Esperon alleged that the original petition had indicated that the RMP was a corporation registered with the Securities and Exchange Commission (SEC), when in fact its registration had been revoked. Esperon implicated Gabriela and Karapatan because the petition had been jointly filed by the three organisations.

In their defence, Gabriela and Karapatan said that they could only attest to facts and circumstances pertaining to themselves, as evidenced by the separate verifications attached to the petition, while RMP said that the mention of its status as being registered corporation had been made in good faith: RMP first heard that its registration had been revoked when Esperon filed the case, as it had not received any notification from the SEC and had consistently filed its annual reports with it.

The case was initially dismissed at the prosecution level, but Esperon filed a motion for reconsideration, which was granted. It was later filed in court and became a full-blown trial.

How did civil society advocate for the 10 human rights defenders’ acquittal?

From the time we received a subpoena informing us of the perjury charges against officers of the three organisations, we knew that this was a malicious and retaliatory suit resulting from our filing of a petition for Writ of Amparo and Habeas Data before the Supreme Court.

Human rights defenders were being attacked once again. So we knew that apart from a good legal defence, we needed to build a solid support coalition among civil society in the Philippines and abroad. We launched a campaign around the hashtags #TogetherWeDefend and #DefendTheDefenders and lobbied with our allies and networks in the Philippines. We also lobbied with the diplomatic community in the Philippines through trial observations and gathered the support and solidarity of international CSOs to back our call for their acquittal. So this victory belongs to everyone who supported and fought with us.

What is the context currently like for Filipino civil society?
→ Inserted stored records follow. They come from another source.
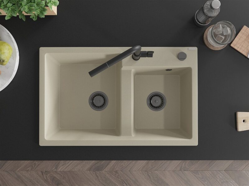 Technické dáta: drez: Rozmer: 800 x 500 x 190 mm Hĺbka komory: 180 mm (väčšia), 180 mm (menšia) Rozmery komory: 440×387 mm (väčšie), 370×303 mm (menšie) Priemer odtoku: ø90 mm Typ: 2-komorový Typ: Zapustené do pracovnej dosky Materiál: žula Farba béžová Povrchová úprava sifónu: čierna Materiál: žula (80% žulové kamenivo, 20% živice) Prepadový otvor: Áno Otvory: (batérie, automatické) 2 Vysoká odolnosť proti poškriabaniu a zmene farby Odolnosť proti tepelným šokom Ľahko čistiteľný povrch Jeden dodatočný vyfrézovaný otvor na samodierovanie ø35 kuchynská batéria: Materiál: mosadz Čierna farba Hlava: Keramická Prevzdušňovač: Áno Typ: Jedna páka Rozsah výtoku: 245 mm Výška batérie: 307 mm(GT) Ean: 5905315062598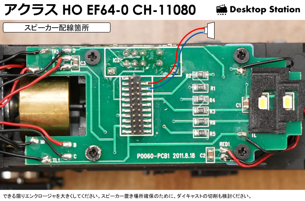 ヘッドライト・テールライト以外にはAUX1,AUX2が配線されています。スピーカーやトマランコンデンサ等は考慮していない状況なので、ピンから引き出す必要があります。スピーカーの配線箇所を図示します。ボディには、スピーカーを入れる隙間がほとんどないため、加工が必須です。音量をしっかり出すためには、ダイキャストを切削することがもっとも望ましいですが、ハードルが高いところです。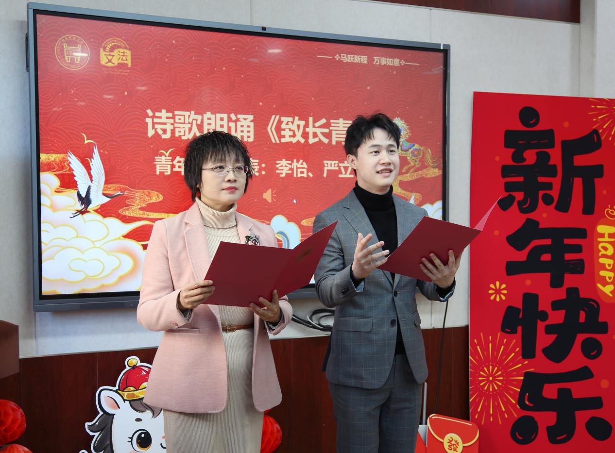 李怡、严立带来诗歌朗诵《致长青》。朗诵以朴素真挚的语言,回顾老教师们数十年躬耕教坛、潜心育人的奉献历程,表达了青年教师对前辈师长的深切敬意,现场氛围温暖而庄重。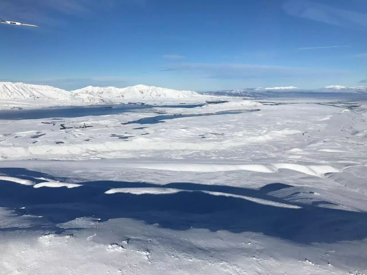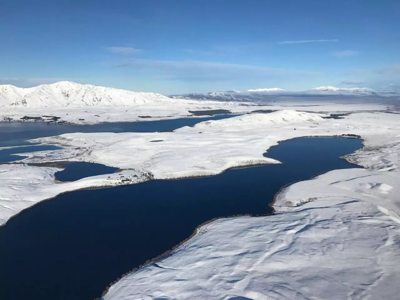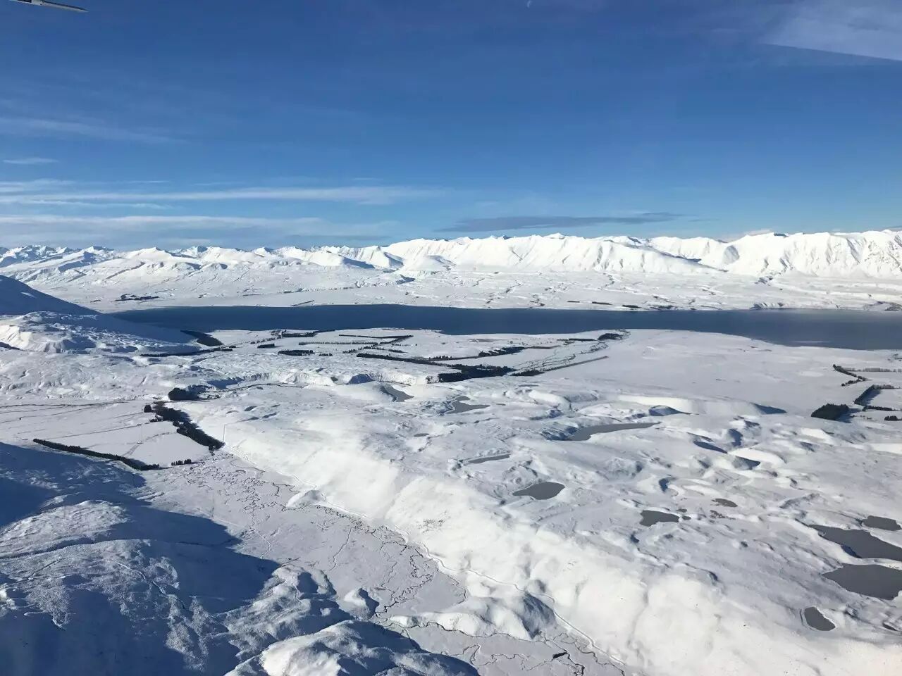 从空中俯瞰Lake Tekapo是白茫茫一片(credit:@airsafaris)

The situation has steadily worsened following the results of the presidential election held in May 2022, which was won by an alliance of two authoritarian dynasties: the son of former dictator Ferdinand Marcos was elected president, and Sara Duterte, daughter of Rodrigo Duterte, was elected vice-president.
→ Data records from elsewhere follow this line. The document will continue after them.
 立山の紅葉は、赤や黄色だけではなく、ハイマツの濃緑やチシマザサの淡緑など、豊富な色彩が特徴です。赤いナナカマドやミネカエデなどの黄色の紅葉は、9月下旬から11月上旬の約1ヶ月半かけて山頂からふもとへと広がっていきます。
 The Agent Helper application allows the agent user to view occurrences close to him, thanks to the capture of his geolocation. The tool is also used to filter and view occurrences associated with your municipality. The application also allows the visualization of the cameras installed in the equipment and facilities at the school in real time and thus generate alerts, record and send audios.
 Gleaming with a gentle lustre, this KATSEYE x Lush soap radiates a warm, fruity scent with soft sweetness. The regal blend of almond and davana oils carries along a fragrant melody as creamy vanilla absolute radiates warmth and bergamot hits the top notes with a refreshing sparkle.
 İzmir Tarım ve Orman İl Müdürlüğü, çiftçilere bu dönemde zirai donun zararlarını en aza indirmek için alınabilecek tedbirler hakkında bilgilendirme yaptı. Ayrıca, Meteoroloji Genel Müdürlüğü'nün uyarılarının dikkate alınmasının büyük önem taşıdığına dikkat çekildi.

The 2020 Anti-Terrorism Law passed under Duterte is being intensely used against activists. Dozens of petitions were filed before the Supreme Court challenging the law’s constitutionality, but the Court ruled most of its provisions to be constitutional. Activists are illegally arrested, abducted, tortured and even killed, and nobody is prosecuted for these gruesome crimes. The NTF-ELCAC continues to vilify and red-tag human rights defenders. Many are also facing trumped-up criminal charges. More than 800 political prisoners are currently languishing in various jails in the Philippines.

Civic space in the Philippines is rated ‘repressed’ by the CIVICUS Monitor.